В Вене его высочество обедал с австрийским императором, русский посланник Андрей Кириллович Разумовский давал в честь великого князя роскошные обеды и балы, австрийцы по случаю войны балов не устраивали, зато устраивали парады и смотры — Константин Павлович был на них желанным и почетным гостем. Когда сын российского императора появился в ложе венского оперного театра, раздались рукоплескания — так высоко ценили австрийцы участие российских войск в Итальянской кампании. Между тем Суворов уже прибыл в армию, и победы посыпались на союзные войска как из рога изобилия.
— Надобно просить великого князя ехать скорее к армии, а то мы ничего не застанем; я знаю Суворова, теперь уже он не остановится, — сказал граф Дерфельден Комаровскому.
И Константин, щедро одарив венских сановников, поторопился.
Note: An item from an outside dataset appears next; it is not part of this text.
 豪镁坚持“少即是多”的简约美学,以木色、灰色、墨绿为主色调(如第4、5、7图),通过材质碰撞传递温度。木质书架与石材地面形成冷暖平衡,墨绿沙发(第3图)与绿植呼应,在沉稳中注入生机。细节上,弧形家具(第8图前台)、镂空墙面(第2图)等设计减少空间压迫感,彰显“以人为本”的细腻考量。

Вскоре он был уже в расположении русских войск. При встрече фельдмаршал пал пред ним на колени, хотя, по другим воспоминаниям, просто отвесил низкий поклон с неизбежным шутовским выкриком: «Помилуй Бог! Сын моего природного государя!»{151} Эксцентрик повстречался с эксцентриком, вместе они должны были задать французам взбучку.
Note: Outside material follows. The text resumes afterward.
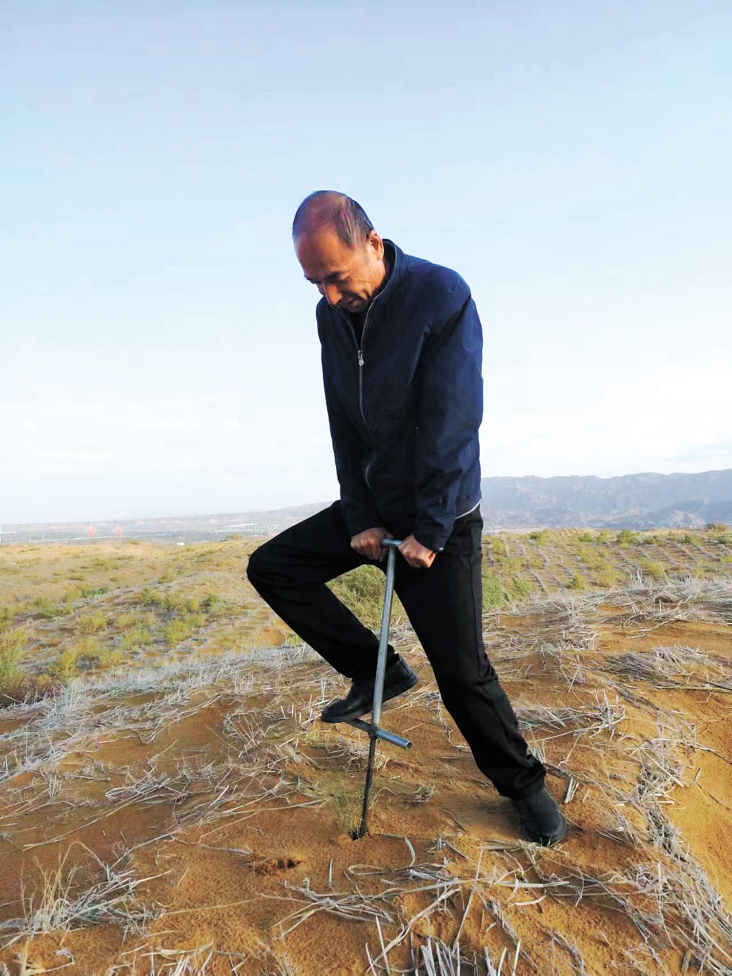 唐希明工作30余年,参与治沙达100万亩,为高86米、坡度达60度的沙地山坡披上绿装,在中卫西北部沙区形成了一道守护中卫的绿色屏障。(唐秀萍)

Роль и пределы полномочий Константина Павловича были туманны, и оттого великого князя сопровождала тень легкого, хотя и почтительного недоумения — посланник ли он государя и исполнитель его воли? сторонний ли наблюдатель? смиренный ли подчиненный Суворова?
Всё решило сражение при деревне Бассиньяно. Константину пригрезилось, что давно пора вступать в бой, но генерал Розенберг отчего-то медлит. Генерал просто ждал подкрепления, силы армий были слишком неравны, но великого князя терзало нетерпение, он закипел и поторопил Розенберга, как водится, не церемонясь:
— Вы привыкли служить в Крыму, там были покойны и неприятеля в глаза не видели.
Розенберг и правда служил в Крыму, служил совсем неплохо и неприятеля в глаза, в отличие от великого князя, конечно же видел. Но безумные слова породили безумные действия. Заслуженного генерала обвиняли в трусости! И кто? Сын природного государя. Обида лишила Розенберга трезвости, схватив шпагу, он повел войска вперед, вброд, через реку По, не дожидаясь подкрепления, и вступил в бой с явно превосходящими силами противника. Французы сразу же потеснили нападавших, предусмотрительно испортив паром — русские отступали, но переправиться через По оказалось не на чем, солдаты тонули, два орудия пришлось оставить противнику, гремели выстрелы, раздавались страшные крики тонувших, кровь мешалась с водой. Испугавшись сумятицы и неразберихи, лошадь великого князя понесла и помчалась прямо в реку. Дюжий казак вовремя заметил непорядок и спас царственного волонтера, схватив лошадь под уздцы и выведя ее на берег.